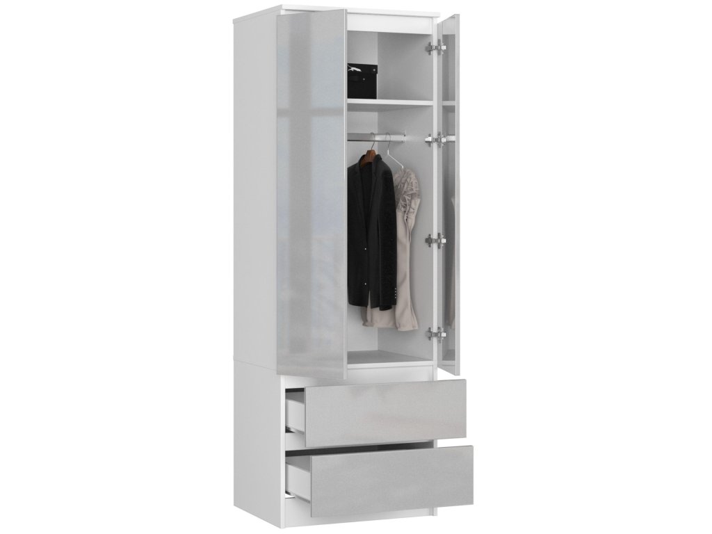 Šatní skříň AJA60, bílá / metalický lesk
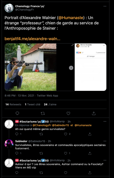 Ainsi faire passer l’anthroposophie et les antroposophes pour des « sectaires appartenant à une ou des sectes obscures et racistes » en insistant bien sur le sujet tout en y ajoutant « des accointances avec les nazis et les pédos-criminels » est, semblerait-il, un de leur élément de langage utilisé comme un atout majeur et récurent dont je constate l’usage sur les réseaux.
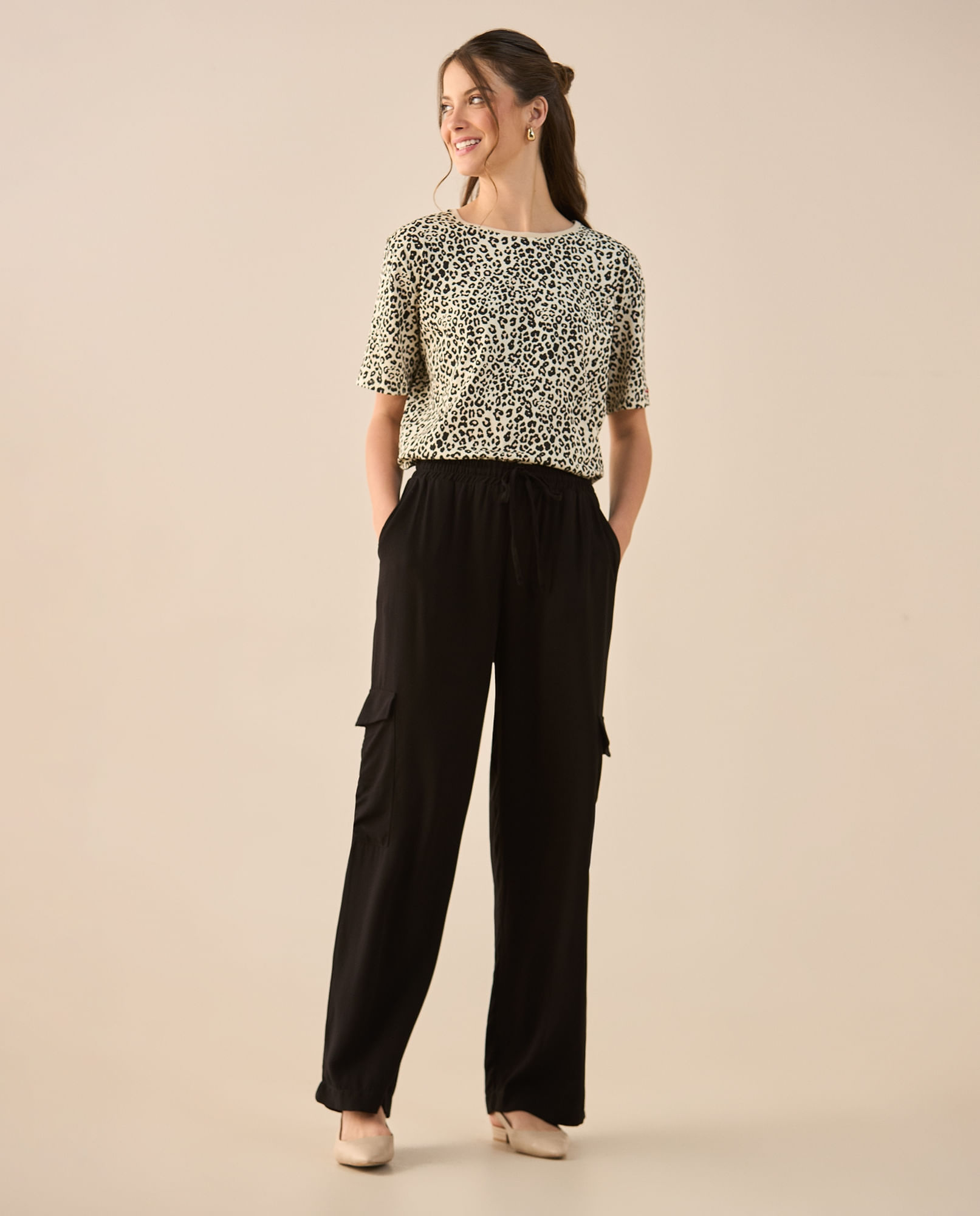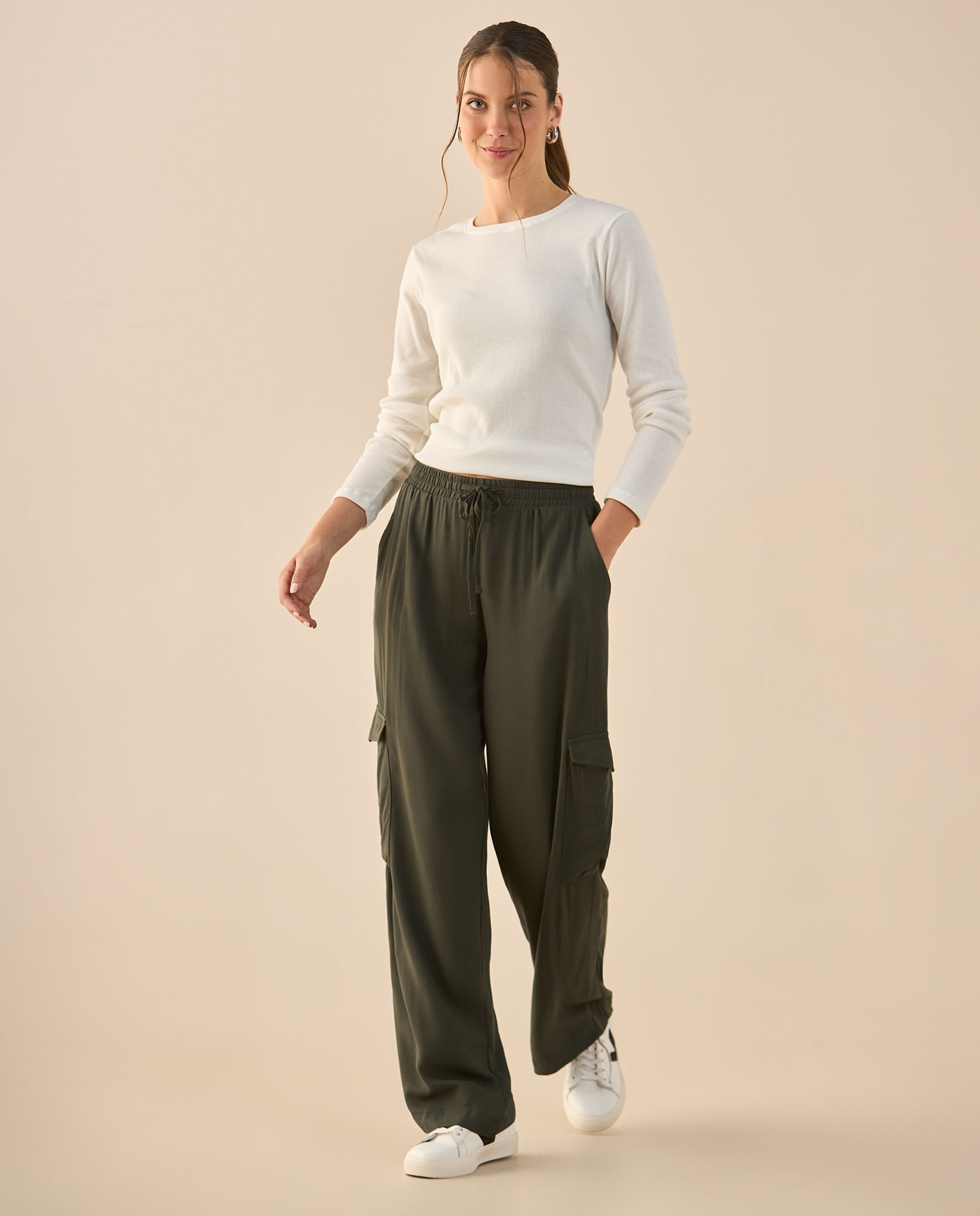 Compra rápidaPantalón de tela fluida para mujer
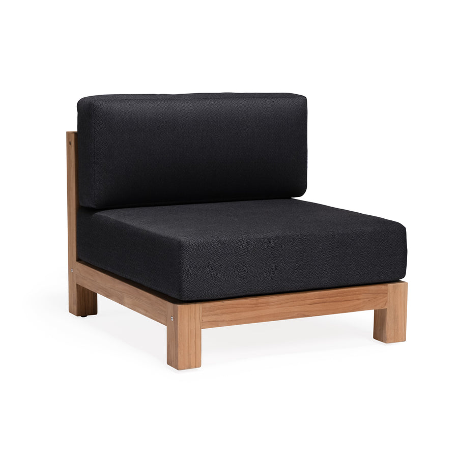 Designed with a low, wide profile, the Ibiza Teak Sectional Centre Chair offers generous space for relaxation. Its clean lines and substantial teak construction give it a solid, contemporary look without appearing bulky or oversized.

◇ ◇ ◇

■ GOAL OF THE EXERCISE:
Output only the lines that run from the line containing "Ainsi faire passer" to the last line of the data, exactly as they stand and without pictures.

■ SOLVED PROBLEM:
 Ainsi faire passer l’anthroposophie et les antroposophes pour des « sectaires appartenant à une ou des sectes obscures et racistes » en insistant bien sur le sujet tout en y ajoutant « des accointances avec les nazis et les pédos-criminels » est, semblerait-il, un de leur élément de langage utilisé comme un atout majeur et récurent dont je constate l’usage sur les réseaux.
 Compra rápidaPantalón de tela fluida para mujer
 Designed with a low, wide profile, the Ibiza Teak Sectional Centre Chair offers generous space for relaxation. Its clean lines and substantial teak construction give it a solid, contemporary look without appearing bulky or oversized.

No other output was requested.